**What you will do**:
Give back all of the data exactly, with every picture omitted.

**Information supplied**:
════════════════════
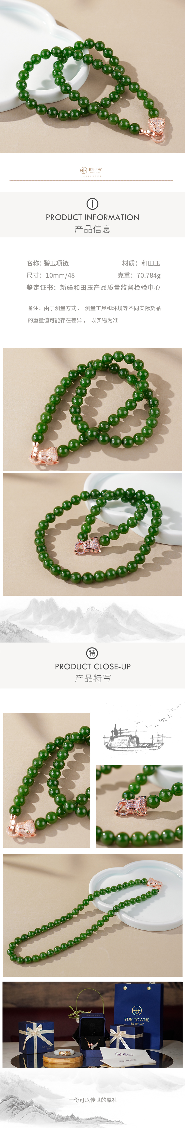 新疆国玉盟世玉碧玉项链【带证书·顺丰物流】
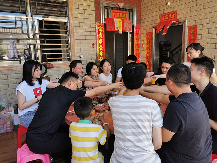 中午,我們進(jìn)住民宿。安頓好行李后,我們共進(jìn)午餐,感覺到生活的新鮮與愜意。豐盛的佳肴,濃香的美酒,讓我們沉浸在歡樂(lè)的氣氛中,享受著工作勞頓后帶來(lái)的無(wú)比快樂(lè)。舉杯,道聲辛苦了;舉杯,互致祝福。品生活芳香,享生活甘甜。團(tuán)隊(duì)人不光在工作中有拼勁,而且在酒桌上也毫不含糊,舉杯,一飲而盡。
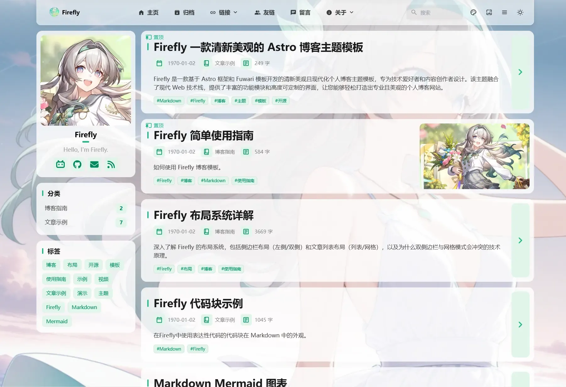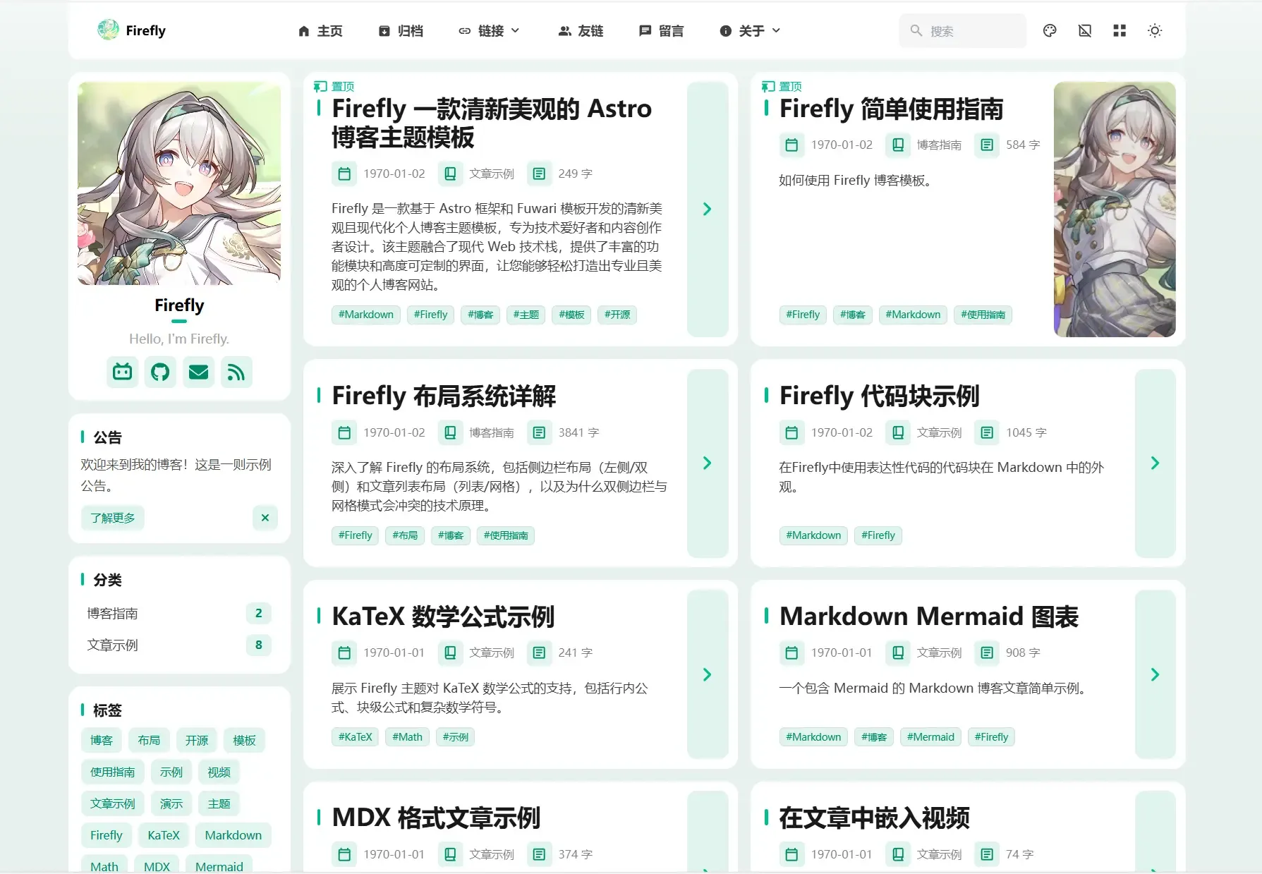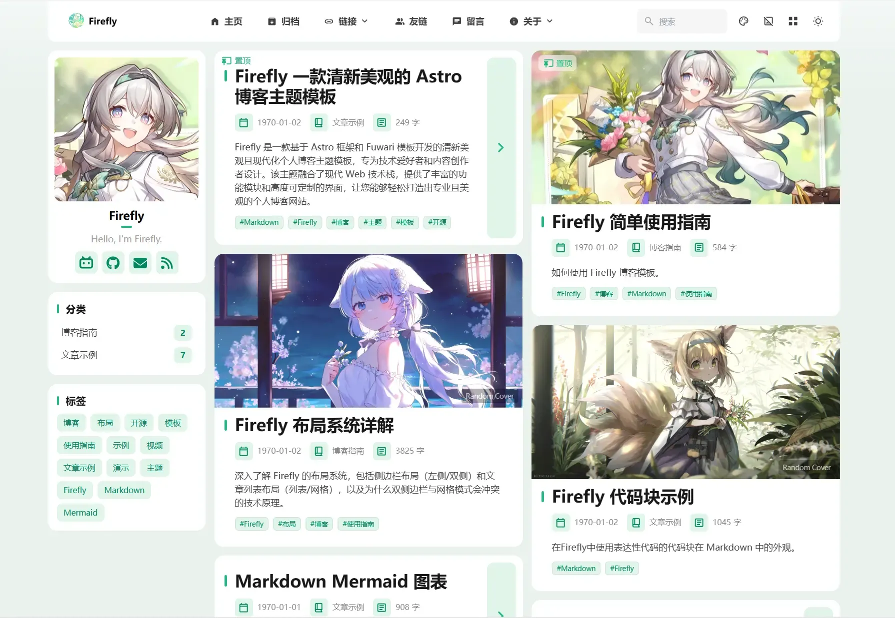 文章列表是博客首页和归档页的核心内容,Firefly 提供两种展示方式。
════════════════════
**Answer**:
 新疆国玉盟世玉碧玉项链【带证书·顺丰物流】
 中午,我們進(jìn)住民宿。安頓好行李后,我們共進(jìn)午餐,感覺到生活的新鮮與愜意。豐盛的佳肴,濃香的美酒,讓我們沉浸在歡樂(lè)的氣氛中,享受著工作勞頓后帶來(lái)的無(wú)比快樂(lè)。舉杯,道聲辛苦了;舉杯,互致祝福。品生活芳香,享生活甘甜。團(tuán)隊(duì)人不光在工作中有拼勁,而且在酒桌上也毫不含糊,舉杯,一飲而盡。
 文章列表是博客首页和归档页的核心内容,Firefly 提供两种展示方式。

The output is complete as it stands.